▸ Given records:
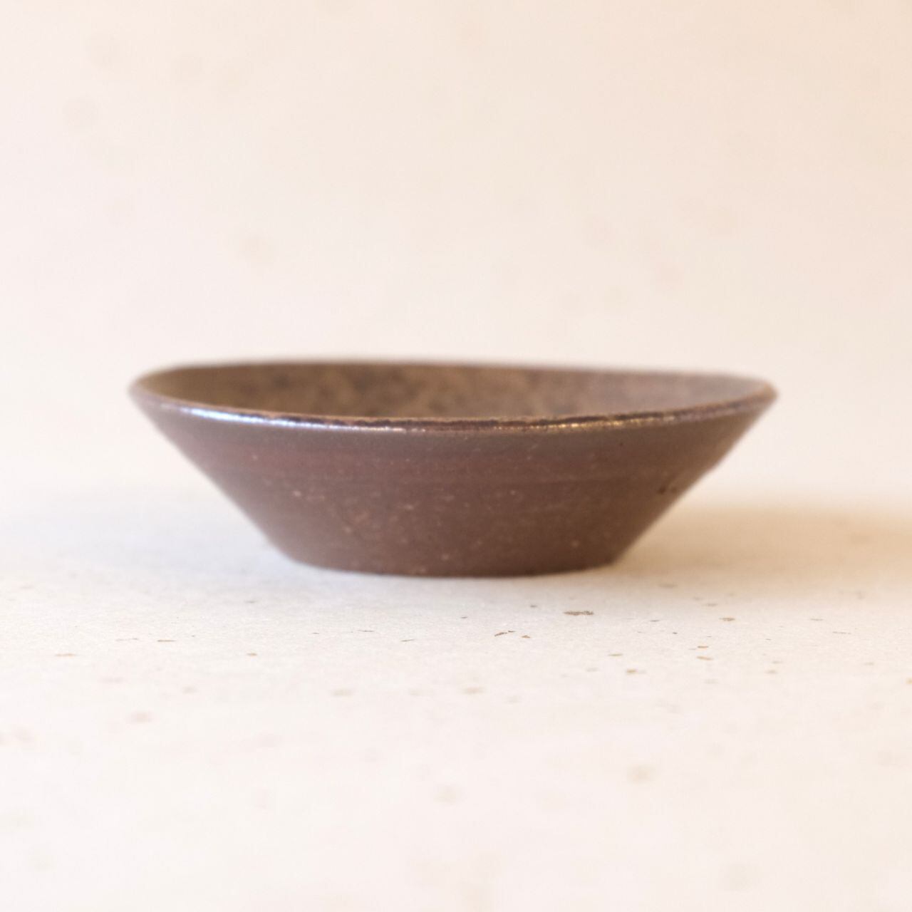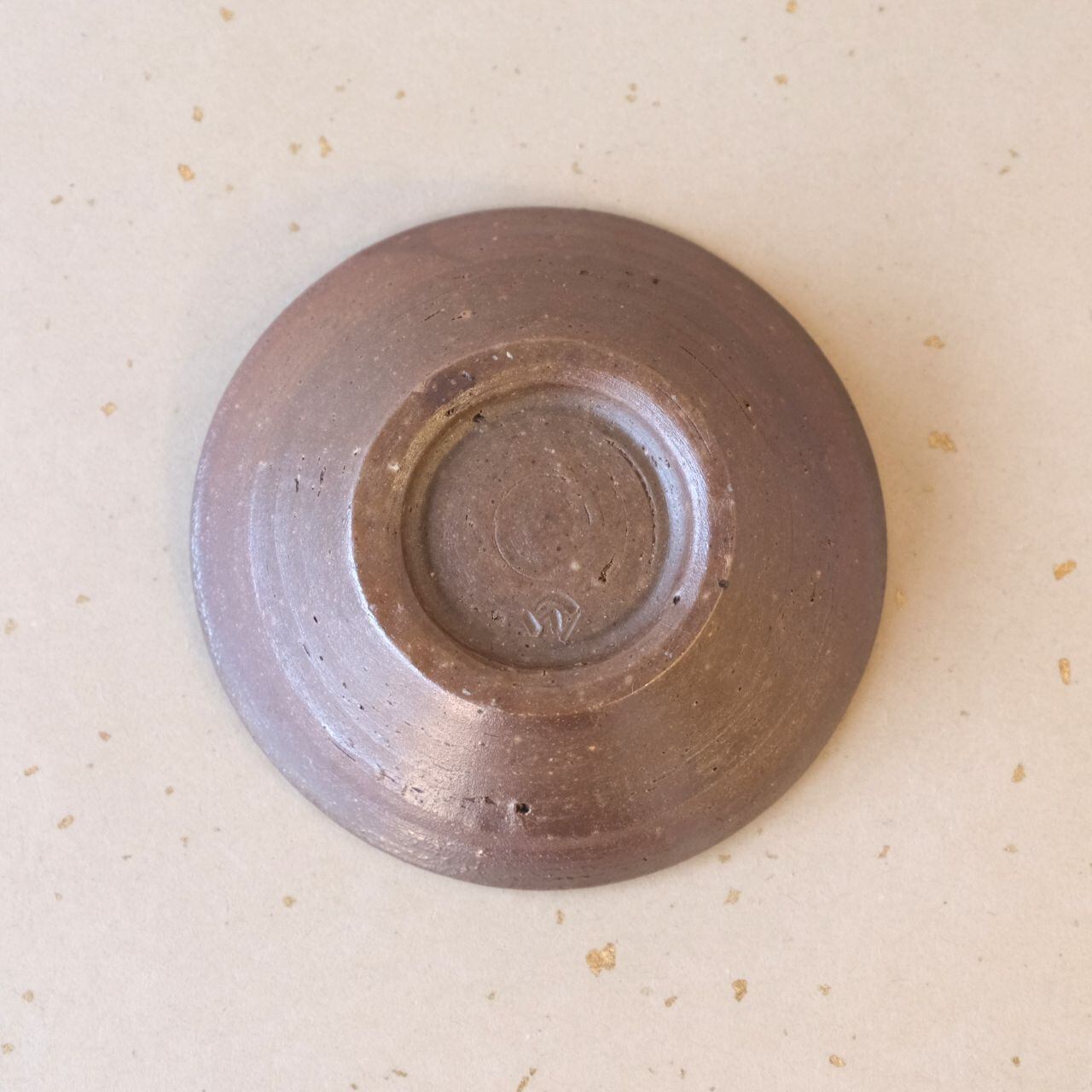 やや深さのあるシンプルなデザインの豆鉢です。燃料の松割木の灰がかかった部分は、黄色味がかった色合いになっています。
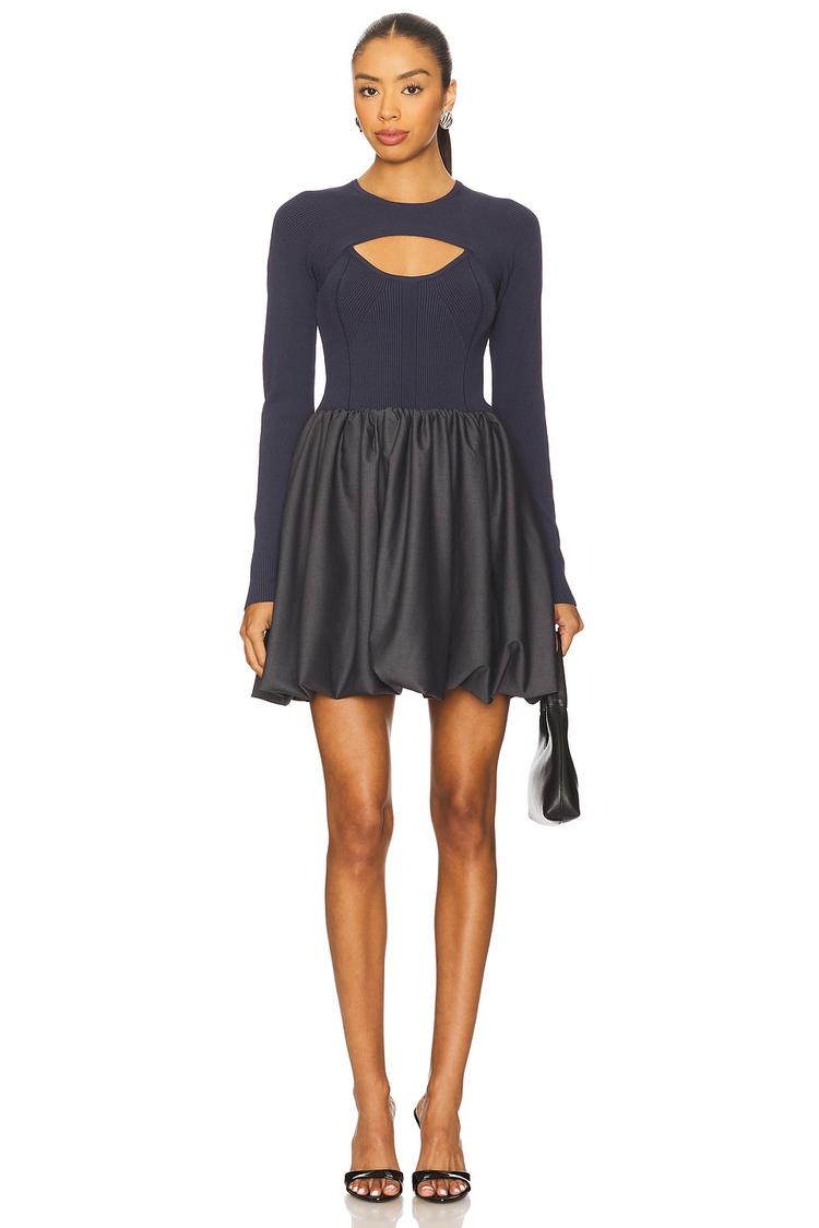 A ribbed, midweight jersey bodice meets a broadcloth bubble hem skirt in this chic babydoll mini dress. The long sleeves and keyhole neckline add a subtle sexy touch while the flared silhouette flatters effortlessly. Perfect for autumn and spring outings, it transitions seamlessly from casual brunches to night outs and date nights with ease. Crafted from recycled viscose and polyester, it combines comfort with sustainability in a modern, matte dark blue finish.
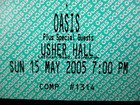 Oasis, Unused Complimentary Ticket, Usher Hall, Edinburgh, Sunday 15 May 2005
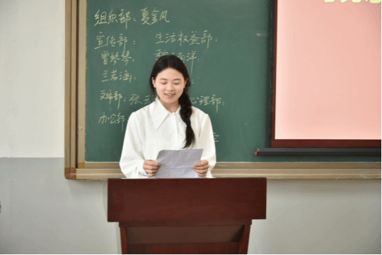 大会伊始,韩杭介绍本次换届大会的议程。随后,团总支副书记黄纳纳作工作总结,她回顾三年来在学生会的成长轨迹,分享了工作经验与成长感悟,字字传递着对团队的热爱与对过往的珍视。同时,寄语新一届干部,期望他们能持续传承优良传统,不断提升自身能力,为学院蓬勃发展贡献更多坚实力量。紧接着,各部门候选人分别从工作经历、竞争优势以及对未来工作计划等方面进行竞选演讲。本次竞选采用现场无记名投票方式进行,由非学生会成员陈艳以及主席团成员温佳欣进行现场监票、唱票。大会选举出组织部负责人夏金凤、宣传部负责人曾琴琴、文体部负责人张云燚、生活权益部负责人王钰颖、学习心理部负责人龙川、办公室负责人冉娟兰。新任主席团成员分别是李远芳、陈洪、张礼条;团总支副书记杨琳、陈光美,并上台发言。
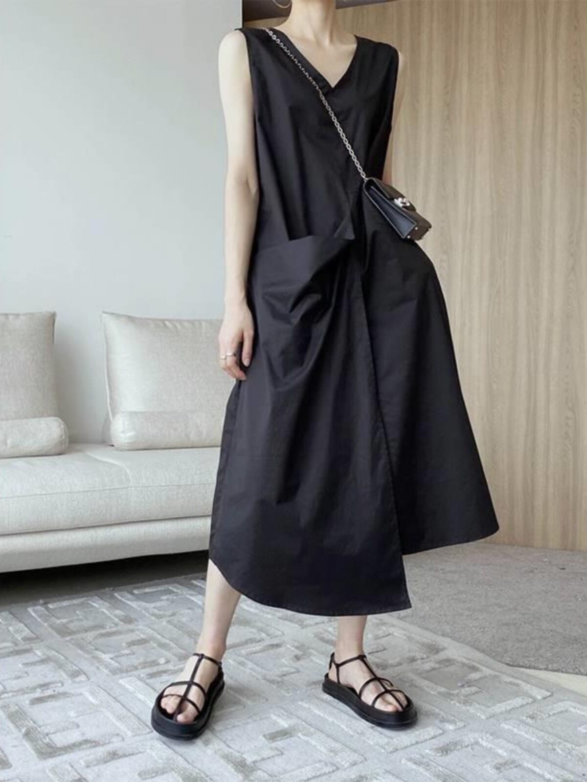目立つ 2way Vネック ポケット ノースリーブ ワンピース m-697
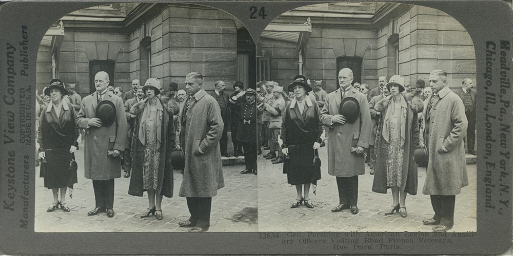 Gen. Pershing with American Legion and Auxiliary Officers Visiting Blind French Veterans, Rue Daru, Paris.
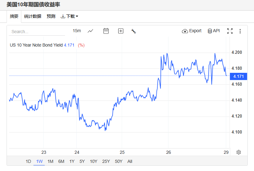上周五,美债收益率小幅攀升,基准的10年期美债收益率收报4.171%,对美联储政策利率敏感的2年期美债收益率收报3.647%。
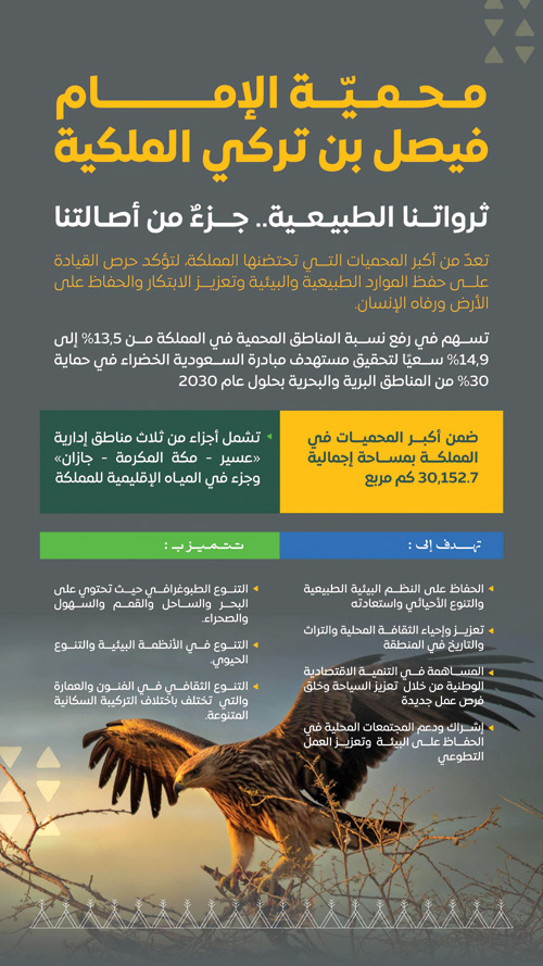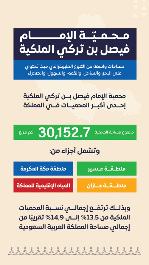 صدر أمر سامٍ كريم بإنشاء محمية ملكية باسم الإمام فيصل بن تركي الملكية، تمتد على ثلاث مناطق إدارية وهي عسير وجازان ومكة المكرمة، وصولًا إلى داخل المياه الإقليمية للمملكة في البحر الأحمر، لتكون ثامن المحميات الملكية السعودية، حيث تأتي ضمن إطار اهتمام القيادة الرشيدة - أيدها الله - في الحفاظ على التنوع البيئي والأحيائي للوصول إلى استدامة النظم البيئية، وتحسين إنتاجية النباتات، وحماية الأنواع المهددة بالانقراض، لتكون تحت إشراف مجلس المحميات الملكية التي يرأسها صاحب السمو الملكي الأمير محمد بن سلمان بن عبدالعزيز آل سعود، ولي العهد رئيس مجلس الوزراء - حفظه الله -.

▸ Exercise details:
Print out all the material above exactly as it appears, omitting the images.

▸ Answer section:
 やや深さのあるシンプルなデザインの豆鉢です。燃料の松割木の灰がかかった部分は、黄色味がかった色合いになっています。
 A ribbed, midweight jersey bodice meets a broadcloth bubble hem skirt in this chic babydoll mini dress. The long sleeves and keyhole neckline add a subtle sexy touch while the flared silhouette flatters effortlessly. Perfect for autumn and spring outings, it transitions seamlessly from casual brunches to night outs and date nights with ease. Crafted from recycled viscose and polyester, it combines comfort with sustainability in a modern, matte dark blue finish.
 Oasis, Unused Complimentary Ticket, Usher Hall, Edinburgh, Sunday 15 May 2005
 大会伊始,韩杭介绍本次换届大会的议程。随后,团总支副书记黄纳纳作工作总结,她回顾三年来在学生会的成长轨迹,分享了工作经验与成长感悟,字字传递着对团队的热爱与对过往的珍视。同时,寄语新一届干部,期望他们能持续传承优良传统,不断提升自身能力,为学院蓬勃发展贡献更多坚实力量。紧接着,各部门候选人分别从工作经历、竞争优势以及对未来工作计划等方面进行竞选演讲。本次竞选采用现场无记名投票方式进行,由非学生会成员陈艳以及主席团成员温佳欣进行现场监票、唱票。大会选举出组织部负责人夏金凤、宣传部负责人曾琴琴、文体部负责人张云燚、生活权益部负责人王钰颖、学习心理部负责人龙川、办公室负责人冉娟兰。新任主席团成员分别是李远芳、陈洪、张礼条;团总支副书记杨琳、陈光美,并上台发言。
目立つ 2way Vネック ポケット ノースリーブ ワンピース m-697
 Gen. Pershing with American Legion and Auxiliary Officers Visiting Blind French Veterans, Rue Daru, Paris.
上周五,美债收益率小幅攀升,基准的10年期美债收益率收报4.171%,对美联储政策利率敏感的2年期美债收益率收报3.647%。
 صدر أمر سامٍ كريم بإنشاء محمية ملكية باسم الإمام فيصل بن تركي الملكية، تمتد على ثلاث مناطق إدارية وهي عسير وجازان ومكة المكرمة، وصولًا إلى داخل المياه الإقليمية للمملكة في البحر الأحمر، لتكون ثامن المحميات الملكية السعودية، حيث تأتي ضمن إطار اهتمام القيادة الرشيدة - أيدها الله - في الحفاظ على التنوع البيئي والأحيائي للوصول إلى استدامة النظم البيئية، وتحسين إنتاجية النباتات، وحماية الأنواع المهددة بالانقراض، لتكون تحت إشراف مجلس المحميات الملكية التي يرأسها صاحب السمو الملكي الأمير محمد بن سلمان بن عبدالعزيز آل سعود، ولي العهد رئيس مجلس الوزراء - حفظه الله -.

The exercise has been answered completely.